Exercise: What are the lines from the one containing "الأول من أيار،" through the last line of the records below? Return them exactly, leaving out pictures.
++++++
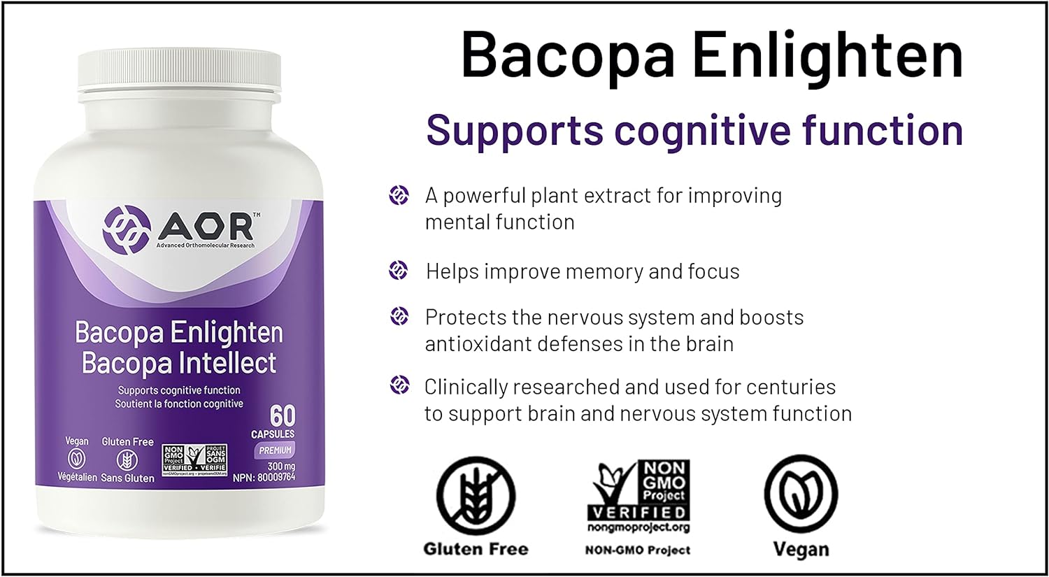 DESCRIPTION : AOR, Bacopa Enlighten, Ayurvedic Bacopa Monnieri Supplement for Cognitive Support, 300 mg, Vegan, 60 Capsules (60 Servings)
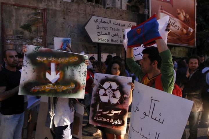 الأول من أيار، إضافة إلى إعلانه كيوم لحرية التعبير، هو عيد العمال، المناسبة التي جعلت مجموعة من الناشطين تتسلل بعيدا عن الأنظار متوجهة إلى مقر الاتحاد العمالي العام طلبا لعيد مسلوب "نقابات عماليّة وليست عميلة"، "غسان غصن ارحل".
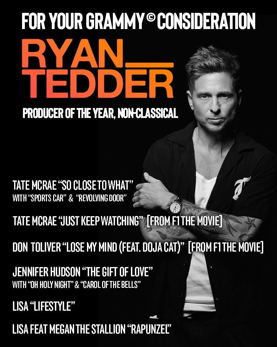 RyanTedder在申报2026年格莱美年度非古典类制作人奖项时,将LISA
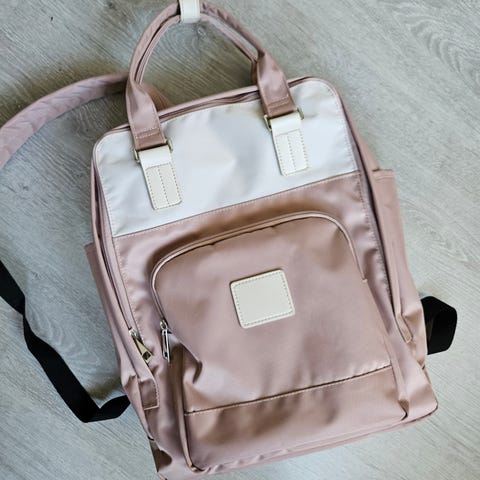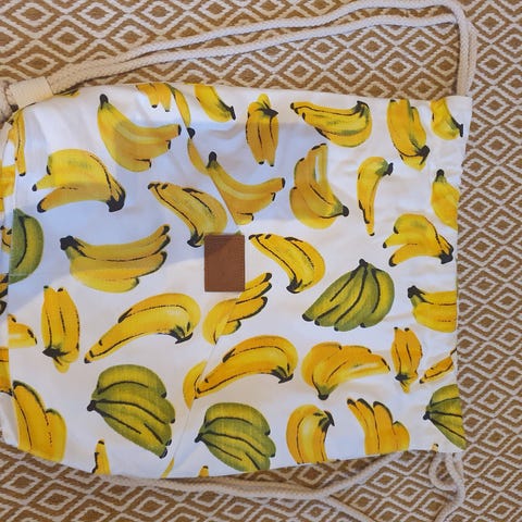 Myydään kankainen narureppu. Edessä pieni vaalean harmaa tahra. Lähtenee puhdistamalla.
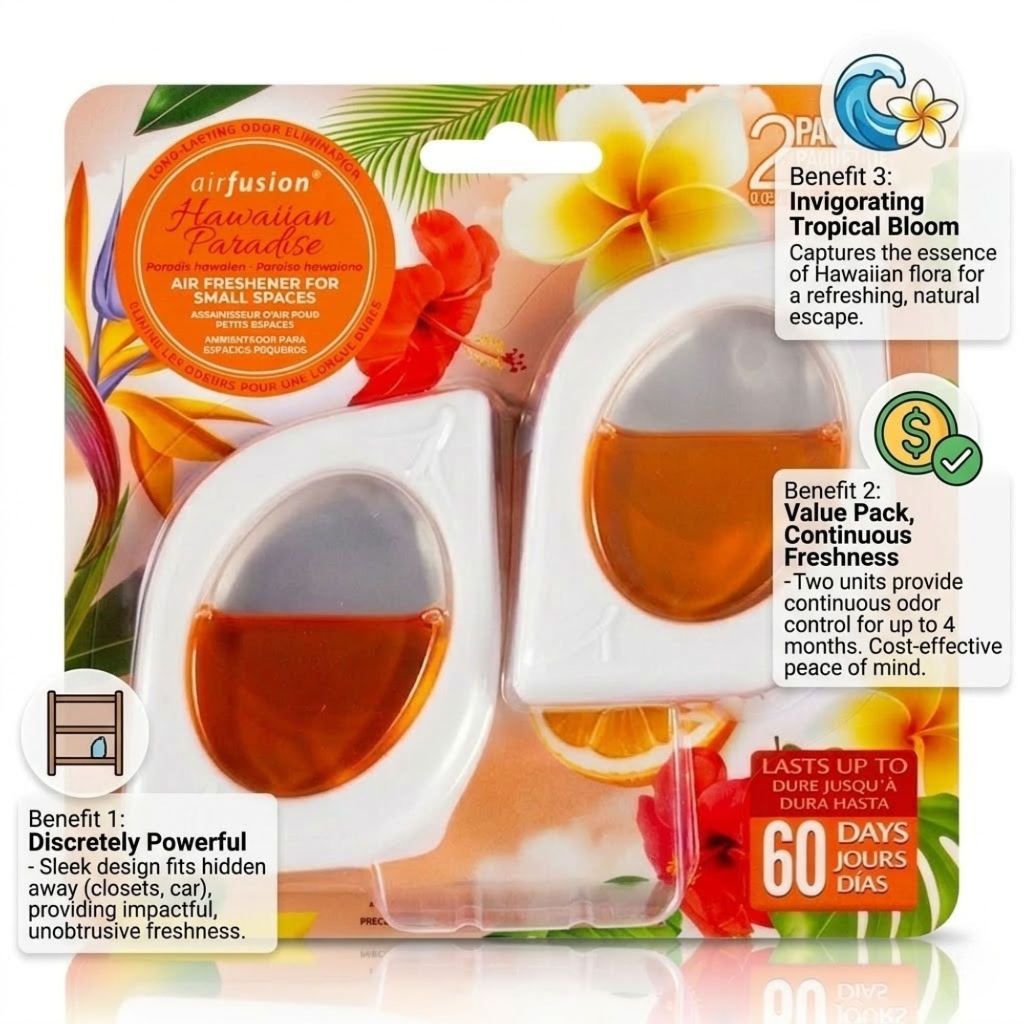 Create a refreshing tropical atmosphere with the 7.5ml Air Fusion Hawaiian Paradise Air Freshener 2 Pack Long Lasting. This air freshener delivers a vibrant island-inspired scent that helps brighten your space while reducing unwanted odors. The Hawaiian Paradise fragrance brings a sweet, tropical aroma that makes any environment feel clean, relaxing, and welcoming.
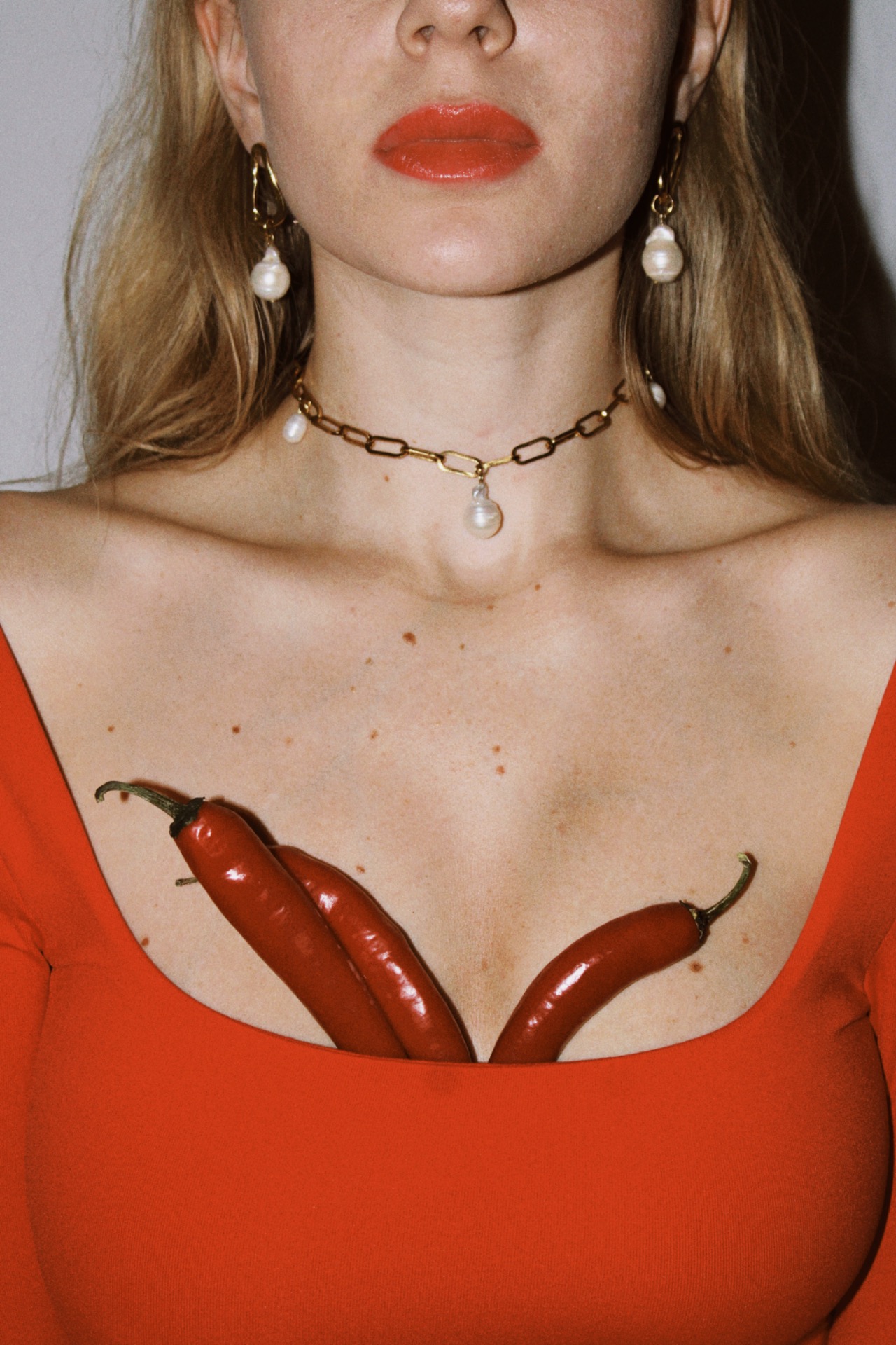 Design: Rytmicky vsazené perly na CHAIN řetízku tvoří originální a výjimečný choker.
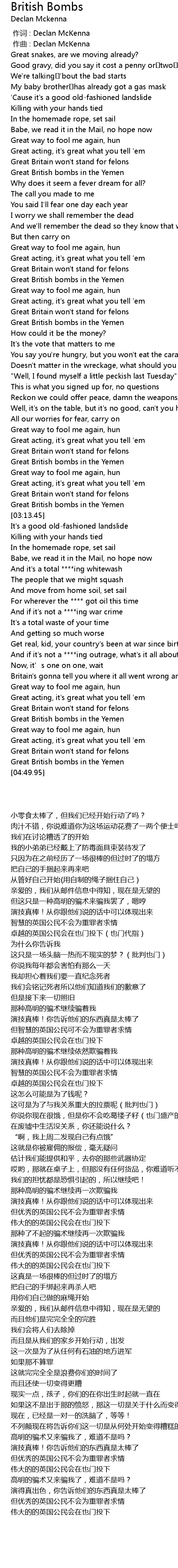 | [04:14.83] | Britain' s gonna tell you where it all went wrong and then carry on |
++++++
Answer below:
 الأول من أيار، إضافة إلى إعلانه كيوم لحرية التعبير، هو عيد العمال، المناسبة التي جعلت مجموعة من الناشطين تتسلل بعيدا عن الأنظار متوجهة إلى مقر الاتحاد العمالي العام طلبا لعيد مسلوب "نقابات عماليّة وليست عميلة"، "غسان غصن ارحل".
 RyanTedder在申报2026年格莱美年度非古典类制作人奖项时,将LISA
 Myydään kankainen narureppu. Edessä pieni vaalean harmaa tahra. Lähtenee puhdistamalla.
 Create a refreshing tropical atmosphere with the 7.5ml Air Fusion Hawaiian Paradise Air Freshener 2 Pack Long Lasting. This air freshener delivers a vibrant island-inspired scent that helps brighten your space while reducing unwanted odors. The Hawaiian Paradise fragrance brings a sweet, tropical aroma that makes any environment feel clean, relaxing, and welcoming.
 Design: Rytmicky vsazené perly na CHAIN řetízku tvoří originální a výjimečný choker.
 | [04:14.83] | Britain' s gonna tell you where it all went wrong and then carry on |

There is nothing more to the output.